Pravmisl.ru


ГЛАВНАЯ





Коммуникативные процессы в социуме

Ценностное измерение коммуникативно-языковых процессов в Российском социуме

Автор: П.А. Белоусов

Социально-экономические и политические изменения, которые происходят в российском обществе, тесно взаимосвязаны с базовыми ценностями морального, правового, религиозного, эстетически-художественного сознания. Глубокие сдвиги в ценностных ориентирах людей обусловлены, в значительной степени, переходом к рыночной экономике монетаристского, неолибералистского типа с жёсткими (социал-дарвинистскими) способами и средствами организации хозяйственной деятельности и распределения общественного богатства между социальными группами и отдельными гражданами, в основу которых положен эгоистический интерес экономических субъектов, выраженный в стремлении к наживе, обогащению и получающий моральное оправдание на уровне государственной политической идеологии в информационном пространстве общества.

Культивирование в массовом сознании установки на приоритетность материальных благ в жизненном самоутверждении индивида через информационную среду вызывает социально-психологические последствия связанные со значительными переменами в коммуникативных процессах на уровне межличностных и институциональных отношений, которые репрезентируются в особенностях речевого общения и языкового контекста, выражающего постсоветскую цивилизационно-культурную эпоху, её ценностные доминанты и поведенческие стереотипы.

Язык всегда является действенным фактором общественной коммуникации и важнейшим средством идентификации человека в культурном пространстве. Язык, которым пользуются люди, порождается жизненным укладом, общественным устройством, формами общения, характером социализации индивидов, целями развития общества и личности и другими факторами, но ставший язык сам творит действительность и может быть эффективным средством изменения поведения носителей языка, особенно в сфере политического дискурса, где большую роль играют средства массовой коммуникации.

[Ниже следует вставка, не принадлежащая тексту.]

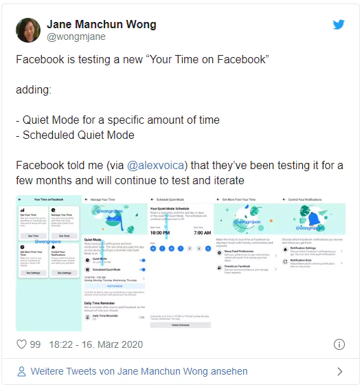 Facebook will Usern beim sogenannten Digital Detox helfen. Dafür testet Facebook gerade zwei neue Features: Quiet Mode und Scheduled Quiet Mode. Jane Manchun Wong hat diese neuen Erweiterungen entdeckt und teilte dies auf Twitter:
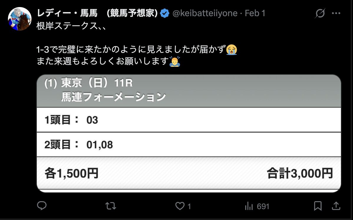 【レディー・馬馬 (競馬予想家)】のX(Twitter)

Российское общество, переживающее социальные метаморфозы, сохраняет в своём информационном пространстве элементы «старого» (советского) типа восприятия и интерпретации вербальных и невербальных, устных и письменных структур информации в различных коммуникационных актах, в которых активно или пассивно участвуют люди. Старшие поколения россиян формировались в условиях централизованного государства, стремившегося к регламентированию всех сфер употребления языка, к контролю над обновлением языка, способами и средствами передачи информации, формами речевого поведения, нормами произношения и словоупотребления и др. Политическая идеология советского государства закрепляла власть правящей партии в соответствующем языке, особенностями которого являлись морали-стичность как выражение патерналистского типа власти связанного с языком одобрения, наставлений, увещеваний, указаний, предупреждений, обвинений, императивов, благих намерений, пафоса и утопий. Информационные процессы имели преимущественно однонаправленный характер (от власти – к народу), а продуценты информации («говорящие») воспринимались не как самостоятельные личности, а как имперсональные исполнители ретранслирующей функции («голос власти»). Политическая риторика выступает в качестве универсального средства манипулирования массовым сознанием, оказывая на людей внушающее (суггестивное), угнетающее (супрессивное), ограничивающее (рестриктивное) воздействие.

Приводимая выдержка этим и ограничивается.